→ **Input for this task**
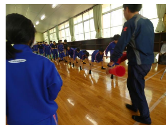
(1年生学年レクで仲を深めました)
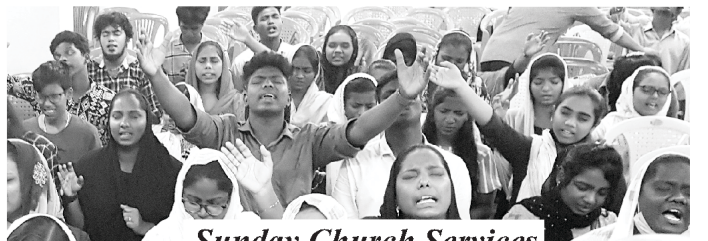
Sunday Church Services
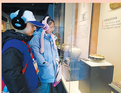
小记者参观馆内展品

--

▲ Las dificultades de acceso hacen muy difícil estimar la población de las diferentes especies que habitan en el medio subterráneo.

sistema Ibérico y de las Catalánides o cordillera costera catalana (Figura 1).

→ **Your goal**
Which lines above run from the one containing "el medio subterráneo." down to the one containing "sistema Ibérico y"? Repeat exactly those, both ends included, and nothing else.

→ **Answer to the exercise**
▲ Las dificultades de acceso hacen muy difícil estimar la población de las diferentes especies que habitan en el medio subterráneo.

sistema Ibérico y de las Catalánides o cordillera costera catalana (Figura 1).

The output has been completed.